*** Opening of Information given ***
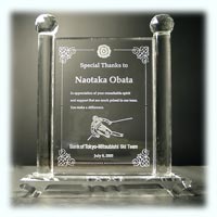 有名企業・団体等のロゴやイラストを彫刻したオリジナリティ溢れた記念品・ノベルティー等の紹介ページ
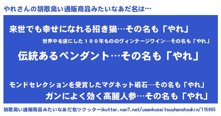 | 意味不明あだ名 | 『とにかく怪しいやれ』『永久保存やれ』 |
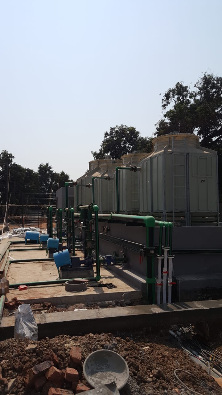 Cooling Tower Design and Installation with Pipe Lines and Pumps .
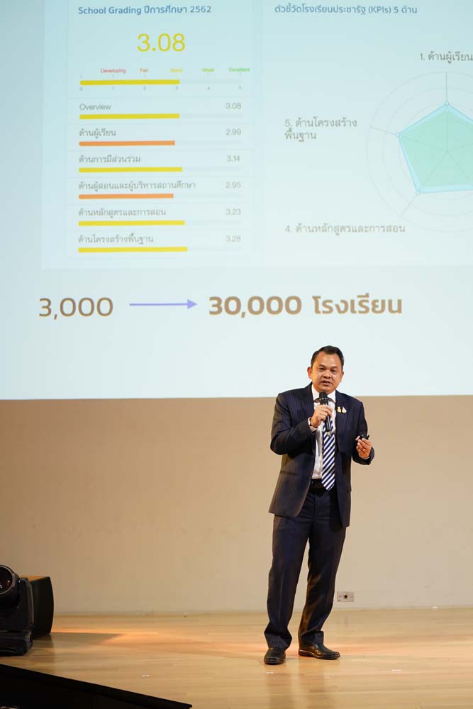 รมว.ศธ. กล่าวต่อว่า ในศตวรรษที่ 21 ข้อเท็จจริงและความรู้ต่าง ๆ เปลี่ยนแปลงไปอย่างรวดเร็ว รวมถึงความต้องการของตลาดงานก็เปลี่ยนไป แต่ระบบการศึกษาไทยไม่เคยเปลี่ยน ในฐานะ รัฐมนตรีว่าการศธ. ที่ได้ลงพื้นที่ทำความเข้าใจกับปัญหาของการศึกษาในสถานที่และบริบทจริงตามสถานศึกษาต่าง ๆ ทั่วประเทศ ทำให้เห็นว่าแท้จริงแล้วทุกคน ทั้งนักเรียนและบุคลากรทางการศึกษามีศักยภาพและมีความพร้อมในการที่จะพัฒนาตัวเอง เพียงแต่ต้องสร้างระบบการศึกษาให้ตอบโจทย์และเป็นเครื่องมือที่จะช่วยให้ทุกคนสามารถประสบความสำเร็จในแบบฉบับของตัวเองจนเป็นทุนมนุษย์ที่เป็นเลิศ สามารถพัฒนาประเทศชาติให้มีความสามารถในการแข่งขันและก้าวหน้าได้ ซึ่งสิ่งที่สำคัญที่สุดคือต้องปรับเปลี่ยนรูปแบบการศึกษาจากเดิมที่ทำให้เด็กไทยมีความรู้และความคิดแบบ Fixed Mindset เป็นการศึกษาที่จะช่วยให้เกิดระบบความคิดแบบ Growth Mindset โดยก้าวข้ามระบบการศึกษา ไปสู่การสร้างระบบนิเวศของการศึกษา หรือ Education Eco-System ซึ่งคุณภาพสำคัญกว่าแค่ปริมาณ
*** Close of Information given ***
*** Opening of Information given ***
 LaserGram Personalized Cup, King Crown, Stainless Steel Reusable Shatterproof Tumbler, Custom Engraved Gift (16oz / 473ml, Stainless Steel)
*** Close of Information given ***
◆ **Required work**
Range to copy from the listing above: the line containing "有名企業・団体等のロゴやイラ" down to the line containing "Cooling Tower Design", both included. Reproduce it exactly, minus the pictures, and add nothing.

◆ **Response**
 有名企業・団体等のロゴやイラストを彫刻したオリジナリティ溢れた記念品・ノベルティー等の紹介ページ
 | 意味不明あだ名 | 『とにかく怪しいやれ』『永久保存やれ』 |
 Cooling Tower Design and Installation with Pipe Lines and Pumps .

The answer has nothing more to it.